WHAT THE EXERCISE ASKS:
Below are records with pictures in them. Output exactly the lines from the one with "The Duo arrive" through the one with "Revere Pewter Velour", both included, and leave every picture out; give only those lines.

RECORD SET:
_ _ _

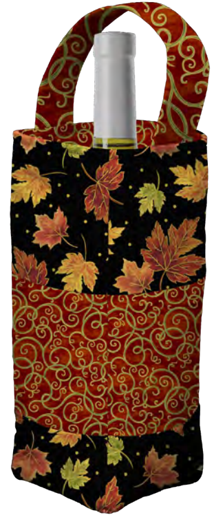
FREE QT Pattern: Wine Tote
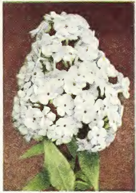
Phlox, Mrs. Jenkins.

_ _ _

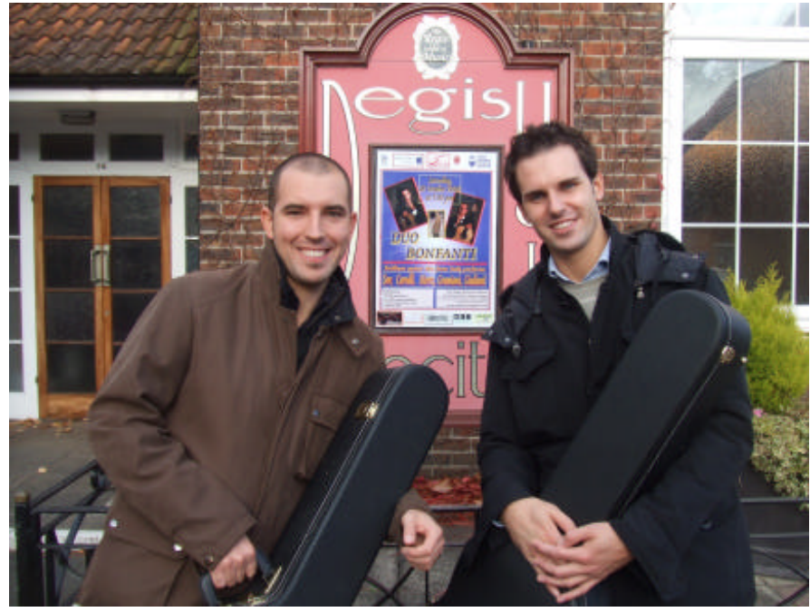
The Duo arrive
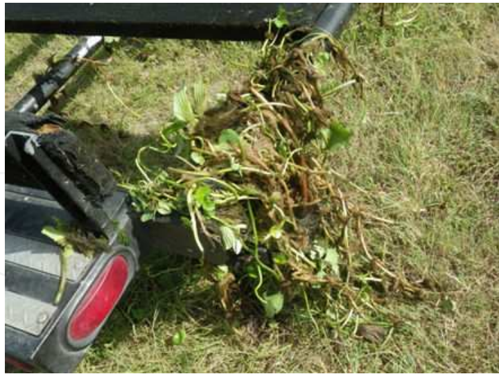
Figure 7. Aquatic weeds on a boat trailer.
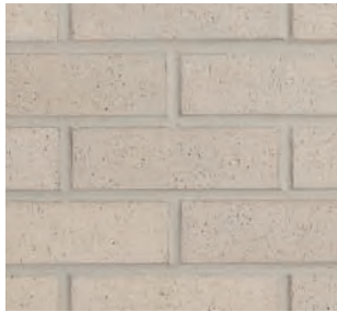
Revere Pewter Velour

_ _ _

SOLUTION:
The Duo arrive
Figure 7. Aquatic weeds on a boat trailer.
Revere Pewter Velour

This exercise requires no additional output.